Television: Carsey-Werner breaks ground by producing U.S. and British versions of 'That '70s Show.'

April 05, 1999|SUSAN KARLIN | SPECIAL TO THE TIMES

Most British series use one or two writers, a situation driven as much by culture as it is by finances. "The British don't quite have that team mentality when it comes to writing," says Spiers. "They're more solitary. When we try team writing, we tend to find that the quality is not that great, mainly because we don't have the budgets that you guys have over there. So when Carsey-Werner employ a team of writers, they are employing very good writers and are paying them quite a lot of money."

'Actors in the States Are More Pampered'

But at this point, money issues go beyond the writing staff. Compared to Hollywood, Britain's TV industry as a whole is relatively low-frills. Carsey-Werner's Mandabach was stunned to learn that the British actors rehearsed off the set in a building with no heat, and had to wear mittens and hats while running their scenes. Their craft services spread consisted of hot water, tea bags and a tin of cookies.
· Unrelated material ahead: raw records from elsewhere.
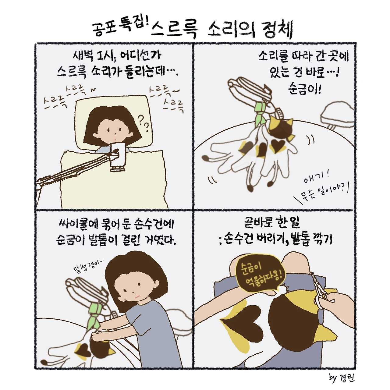 불과 며칠 전에 일어난 일이다. 보통 일찍 자는 편이지만, 쉬는 날 전날에는 오후에도 커피를 마시고 늦게 잠드는 편이다. 그날도 침대에 누워 유튜브를 보던 중이었다. 어디선가 ‘스르륵스르륵’ 소리가 들려왔다. 처음엔 순금이가 장난감을 끌고 다니는 소린 줄 알았다. 그런데 이 소리가 1분, 2분, 3분... 약 5분쯤 계속되니 이상했다.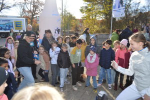 Ein besonderer Gast war der Landtagsabgeordnete Tim Tessmann, der als ehemaliger Schüler der Kästner-Grundschule unbedingt beim Milchausschank dabei sein wollte. Zig Becher der gesunden Flüssigkeit füllte er mit den beiden Landfrauen und Börde-Bauernverbands-Geschäftsführer Marius Thordsen Denecke ab und gab sie den durstigen Mädchen und Jungen in die Hand. Während dessen mussten drei Lehrer gegen drei Schüler im Seilhüpfen antreten. Es ging um einen hausaufgabenfreien Nachmittag. Wolfgang Zahn von der Agrarmarketinggesellschaft rechnete das Ergebnis schön, so dass auch wirklich die Schüler gewannen. Um diese ging es ja schließlich. Sehr interessant fanden die Jungen und besonders die Mädchen das Interview mit der deutschen Meisterin im Damenflorett, Elisa Meier. Mathias Jettschat ließ sich von der jungen Frau im weißen Fechtdress vorführen, wie man mit dem Florett umgeht. Auch viele der Kinder sind in irgendeiner Sportart aktiv. Das fragte der Moderator in der umstehenden Runde ab. Lustig ging es zum Abschluss der Hofpause über den Schulhof in der „größten Polonaise Sachsen-Anhalts“, ehe der normale Schulalltag wieder Einzug hielt.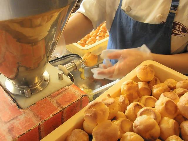 中はカスタードクリームで直径にして4cm位のボール状です。「ポンッ」と一口でいくつでも食べれてしまいますよ。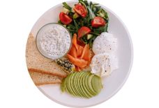 300 г • пашот (2 шт.), авокадо, чиа-йогурт, лосось, зелёный салат с томатами черри, огурцом и оливковым соусом, бриошь

"Actors in the States are more pampered," she says. "In Britain, if the actors blew a line or realized they hadn't done exactly what the director wanted, they took it as seriously as if a cameraman had missed a shot--they behaved as if they were part of a technical crew."
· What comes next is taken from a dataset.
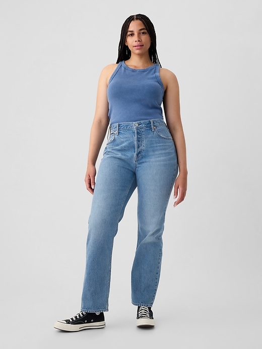 - Look: A classic five-pocket straight jean in a medium indigo wash.

Even on the evening of this particular taping, only a handful of executives mill about the studio floor and herringbone tweed replaces Armani. This episode, called "Equal Rites," is the one in which a girl inadvertently emasculates her male friend by consistently beating him at games. Afterward, the cast and crew head to a show party in a smoky bar in another part of the Teddington Studio complex for a smoke and a pint.